For policymakers, a balanced approach is essential:
  • Targeted remedies: Design interventions narrowly to address clear harm—egress fees, discriminatory licensing—rather than a blanket expansion of DMA where rules may poorly fit the market.
  • Standards-first approach: Work with standards bodies and industry to define portability and interoperability specifications that can be mandated if needed.
  • Investment safeguards: Pair competition measures with incentives for European data center and compute investment to avoid hollowing out capacity.
  • International coordination: Engage the US, UK and other partners to reduce trade friction and create harmonized approaches to cross-border cloud services.

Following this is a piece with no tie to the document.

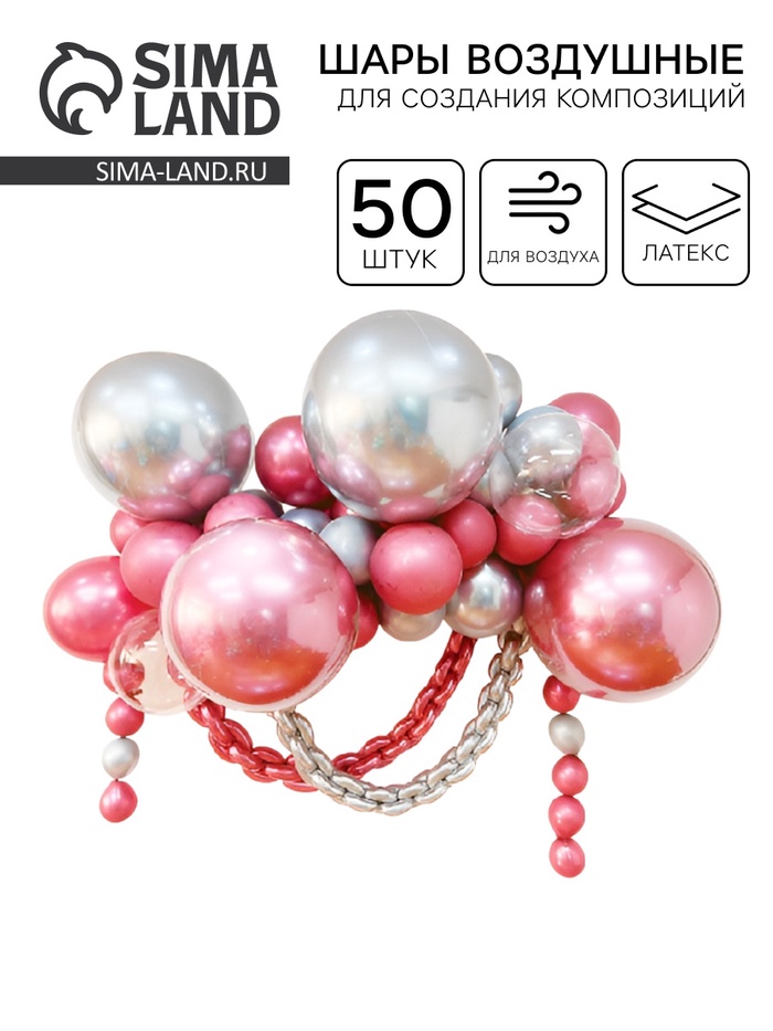 Воздушные шары для оформления фотозоны, набор 50 шт., серебро, розовый — Характеристики

Critical analysis: strengths, weaknesses and the institutional test​

Bringing cloud under DMA-style oversight has an intuitive appeal: the internet’s infrastructure is now strategic, and concentration risks systemic failure and undue leverage. The Commission’s move would be a logical extension of a competition policy that now targets platform power, expanding it to infrastructure power.
Strengths:
  • Proactive prevention of lock-in before AI cements it.
  • Strong enforcement tools (fines, remedies) already exist in the DMA’s toolkit.
  • Alignment with parallel EU policy objectives on sovereignty, data access and resilience.
Weaknesses and risks:
  • Policy mismatch: The DMA was not originally calibrated for raw infrastructure services; stretching it risks ill-fitting obligations and legal challenges.
  • Investment disincentives: Heavy ex ante restrictions risk chilling infrastructure spending at a moment when Europe wants more capacity.
  • Implementation complexity: Technical standards, portability tools and contractual frameworks are complex and could take years to design and operationalize.
Institutionally, the Commission must pass a credibility test: demonstrate evidence of tangible, ongoing market failure and craft tailored remedies that solve specific harms without creating excessive friction for legitimate business models. The CMA’s provisional findings provide a credible evidentiary precedent; Bloomberg’s reporting suggests the Commission believes it now has sufficient cause for a probe.

What to watch next​

  • The formal launch of the Commission’s market probe and the scope of its terms of reference.
  • Specific remedies proposed by the CMA and other national regulators as templates for EU action.
  • Industry reactions: product roadmaps, new portability tools, or contractual changes that could pre-empt stricter regulation.
  • Parallel legislative moves: the Cloud & AI Development Act’s final text and how it coordinates with the DMA and Data Act.

Conclusion​

The EU’s consideration of the hyperscalers’ cloud power is not a single-act regulatory intervention but part of a broader reassessment of how digital infrastructure shapes competition, security and sovereignty. The Commission faces a trade-off: act decisively to prevent dominant providers from cementing AI-era lock-in, or risk overreach that chills investment and fragments global cloud markets.
For European businesses and policymakers, the practical imperative is clear: reduce unilateral reliance on a small number of providers today, invest in interoperability and portability mechanisms, and engage in standards work that can make markets more contestable without destroying the incentives for continued infrastructure investment. The Commission’s probe—if launched—will test whether Europe can square those competing demands and design remedies that are both effective and proportionate.